Advanced Typescript: Narrowing & Predicates

In the last part of this series, we talked about how you can infer types in Typescript. In this part, we’ll take a look at a related use-case: making the Typescript compiler happy by narrowing the type of a sum type.

What’s Type Narrowing?

Let’s first describe the problem. In Todoist, you can complete & archive both tasks and sections. Let’s say we model it like this:

type TaskCompletedData = {
    subTasks: Task[]
    showHint: boolean
    cursor?: string
}
type SectionCompletedData = {
    completedItems: CompletedTask[]
    tasksLeft: number
    showHint: boolean
    cursor?: string
}

Now it doesn’t really matter what these properties are, I’m just going to use them for illustration, but if we want to build a function to work with a generic completedData variable, it can become hard to “narrow down the type” to what we’re interested in. See for example:

function getCompletedCount(completedData: TaskCompletedData | SectionCompletedData) {
    //how do I make Typescript happy here?
}

The answer is to use the Javascript in operator to check for existence of properties:

function getCompletedCount(completedData: TaskCompletedData | SectionCompletedData) {
    if ('completedItems' in completedData) {
        return getSectionsCount(completedData)
    } else if ('subTasks' in completedData) {
        return getItemsCount(completedData)
    } else {
        throw `Unexpected value for completedData: ${completedData}`
    }
}

Why can’t you simply call getSectionsCount direct? That’s because Typescript can’t really guess the type of a variable at compile-time (& there’s no Typescript at runtime). Writing the function in this way means you have adequate guards in place so that when Typescript does its job of compiling down, you still have reasonably safe code when all types are erased. It’s not the prettiest of code for sure, but it’s part of the tradeoff of using a fully-erased type system.

Type Predicates

A counterpart to type narrowing is type assertions and type predicates. Note type assertions are the most commonly abused system to “force” the compiler to understand one type as another. The syntax is pretty simple:

const a = "Hello"
getCount(a as any)

In the above example, we are widening the type of a so that it’s compatible with a possible different type that the getCount function expects. Using as casting in this way is frowned upon and possibly never has a place in a good codebase. Type predicates however, are a safer way to achieve the same thing.

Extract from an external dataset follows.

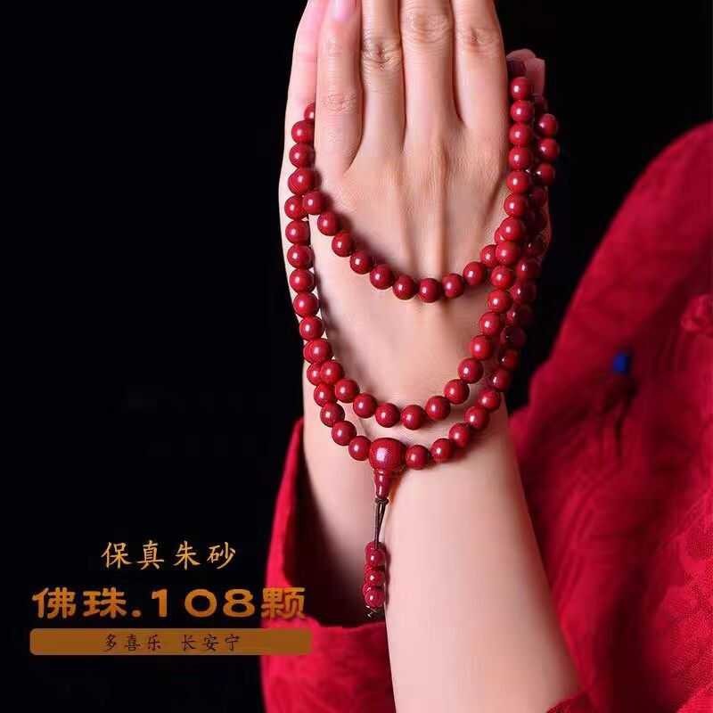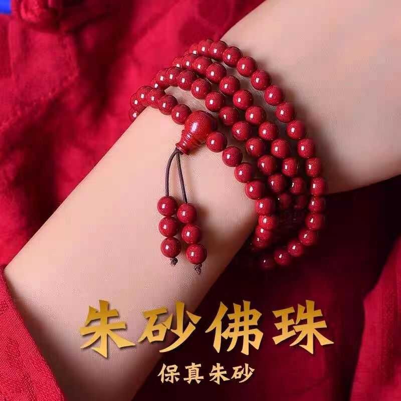 天然朱砂108颗佛珠手串多圈多层紫金砂手链佛珠男女饰品可批发

Note: to use type predicates, you need a reasonably newer version of Typescript. But it doess make writing these type guards a bit cleaner. Here’s an assumeNotNull Jest test helper that we have in both the Todoist and Twist codebases.

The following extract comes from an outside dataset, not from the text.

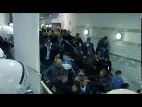 Por, këtë herë policia e shtetit ka vepruar me mençuri, duke e shpejtuar lëvizjen e shkallëve lëvizëse elektrike, duke i quar ‘me zor’ tifozët poshtë shkallëve, duke e evituar kështu përplasjen me ‘armiqtë’ e tyre. /Fish Media/

function assumeNotNull<T>(value: T): asserts value is NonNullable<T> {
    expect(value).not.toBeNull()
}

The current Jest type definitions for expect(value).not.toBeNull() don’t really communicate with Typescript that subsequent calls to expect(value) will always have value as not null (this is because the first expectation will throw and break the test). Here we’re writing a helper function to make this explicit. The important bit to note here is the asserts value is bit, which is called a type predicate. These type predicates are very flexible, and can be used to nudge Typescript in a lot of different ways.

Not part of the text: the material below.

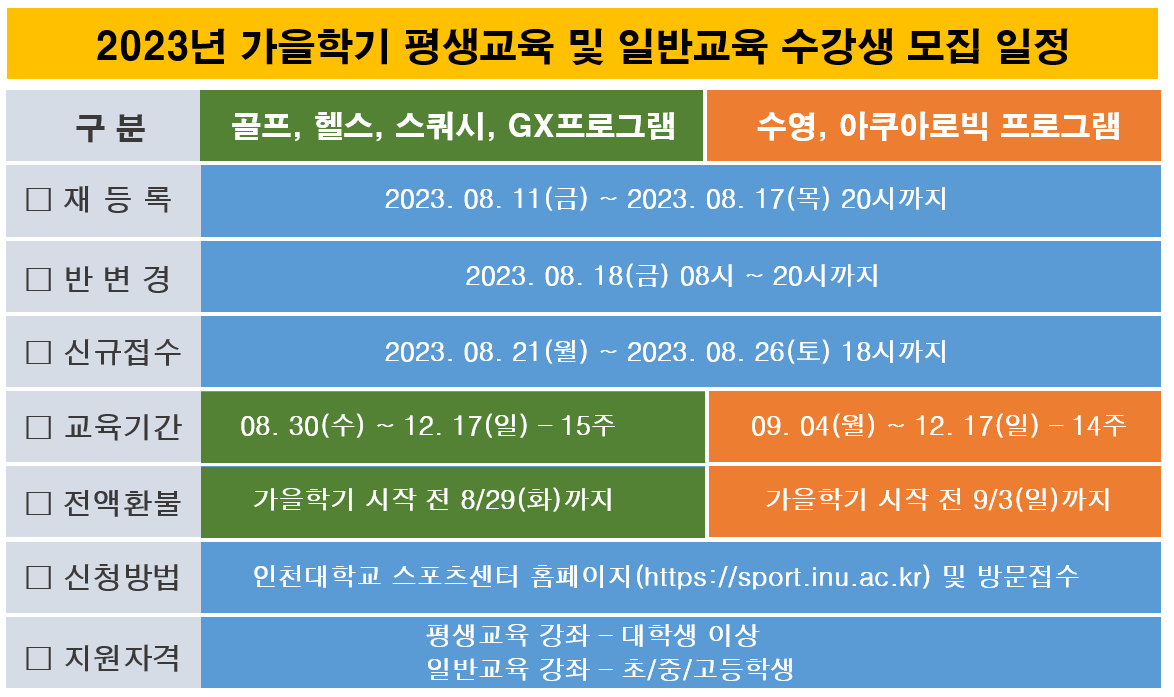 2023년 가을학기 접수 일정안내 작성자 관리자 작성일 2023년 8월 10일 13시 24분 22초 조회 2,089 20230807_170625.png [ Size : 76.92KB, Down : 3,574 ] 미리보기 다운로드 ※ 수영 수강신청 시 추후 공지되는 모집요강의 급수 및 진도를 잘 확인하시고 해당 반에 신청바랍니다. 개강 후 오리엔테이션 진행 시 급수 및 진도가 맞지 않는 경우 환불조치 됩니다.(환불규정에 의해 공제금액 발생합니다.) 목록보기

Now both predicates and type narrowing may seem like extra boilerplate that comes with Typescript adoption, and if you are used to writing Javascript, initialy it definitely does seem like that. I sometimes do think of these as “stuff I do to keep the Typescript compiler happy.” From a longer-term software maintanence perspective though, building a strict tsconfig, and sticking to a well-typed codebase has huge rewards. There’s nothing wrong in prototyping your solution in a .JS file, without even having any types at all. And once you start converting the solution to Typescript, the compiler warnings and errors will guide you to writing more safe code.